L'Encyclopédie sur la mort


Tasso et Antonio

Johann Wolfgang Goethe

«La dernière scène reprend et orchestre les thèmes de la pièce, Le Tasse et Antonio, seuls, restent face à face. Antonio parle peu, mais sa calme présence et sa solidité lui permettent de prendre, par ses rares interventions, suffisamment d'ascendant sur le Tasse, pour que celui-ci accomplisse insensiblement l'évolution intérieure qu'Antonio espère. Le Tasse sent enfin qu'il est lui-même responsable de sa perte, et ce premier instant de lucidité est un timide rayon d'espoir. Torquato Tasso est une pièce "ouverte", en ce sens que la tragédie ne s'achève pas par le seul fait irrémédiable, la mort. Goethe reste ainsi fidèle au sens de son drame, dans lequel le destin n'est pas une fatalité étrangère à l'homme, mais une force qu'il doit avoir le courage de dominer. (Éveline Henkel, «Notice» dans Goethe, Théâtre complet, p. 1656)
TASSO[
[...]
Suis-je rayé de l'existence?
Non, tout est demeuré présent, et cependant
je ne suis plus rien, je ne suis plus à moi
n'étant plus à elle.

ANTONIO
Et s'il te semble que plus rien ne t'est resté,
mesure-toi aux autres, connais ce que tu es.

TASSO
Oui, tu me le rappelles au bon moment!
N'est-il plus de sublime exemple dans l'Histoire?
Ne s'offre-t-il à mes regards aucun héros
dont l'épreuve ait de beaucoup passé la mienne
pour que, me comparant à lui, je me ressaisisse?
Non, tout est mort. Il ne me reste qu'une chose,
les larmes, ce présent que nous fait la Nature,
quand son mal le terrasse.

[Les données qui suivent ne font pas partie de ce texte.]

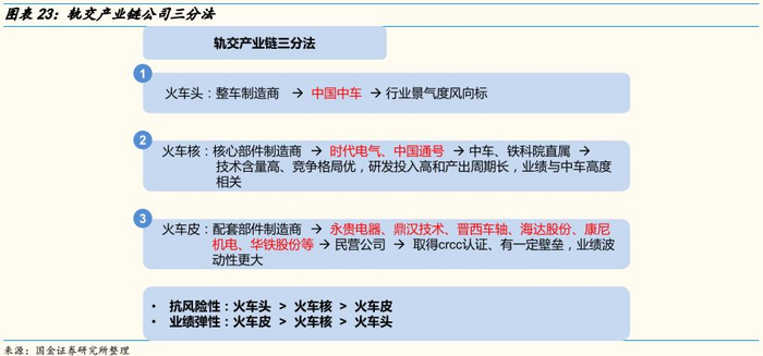 轨交方法论:产业链公司三分法。从产业链上各公司所处位置,把轨交行业内公司划分为三类:一是整车制造商(火车头),二是核心零部件制造商(火车核),三是配套零部件制造商(火车皮)。三种类型公司投资属性有别:行业景气上行期,偏好业绩弹性:配套零部件>核心零部件>整车;行业景气下行期,偏好抗风险性:整车>核心零部件>配套零部件。

Et moi j'ai conservé
le don suprême, j'ai gardé dans ma douleur
la mélodie et la parole harmonieuse
pour mettre ma détresse entière dans ma plainte.
Et si l'homme dans ses tourments reste muet,
moi, les dieux m'ont donné de dire ma souffrance.

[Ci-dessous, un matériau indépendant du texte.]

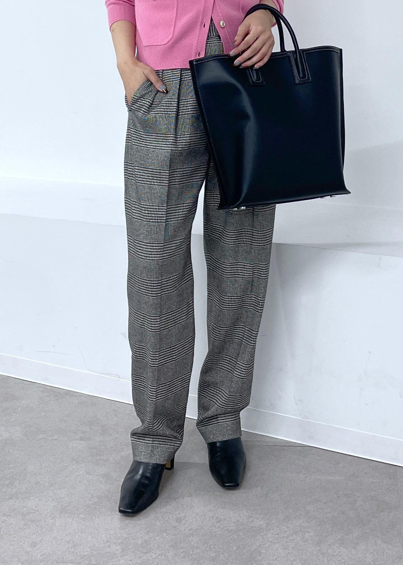 ROPÉウールレーヨンクラシック2タックパンツ(ヘリンボーン/グレンチェック)/セットアップ対応ブラック系 / 38¥27,500レビュー161cmで38サイズ着用。

Antonio va vers lui et lui prend la main.


Ô noble ami, tu demeures ferme et tranquille!
Et moi je suis le flot que chasse la tempête.
Mais ne t'éblouis point, ne sois point orgueilleux
de ta force. La Nature toute puissante
qui donne à ce rocher sa tranquille épaisseur
donne à la vague la mobile inquiétude.
Elle envoie sa tempête, et la vague en fuyant
roule, s'enfle et se cabre en son galop d'écume.
Flot qui naguère était si beau quand il mirait
un soleil dans son calme, ou qu'un souffle léger
y berçait tendrement les constellations!
Les rayons ne sont plus, le calme s'est enfui.
Au milieu des périls, je ne me reconnais plus
et n'ai plus honte de l'avouer.
Le gouvernail est en débris, et le navire
craque de toute part. Le sol s'entrouvre
sous mes pieds. Je te saisis, mes bras
t'étreignent, tel le marin dans son dernier instant
se cramponne à l'écueil où le guettait la mort.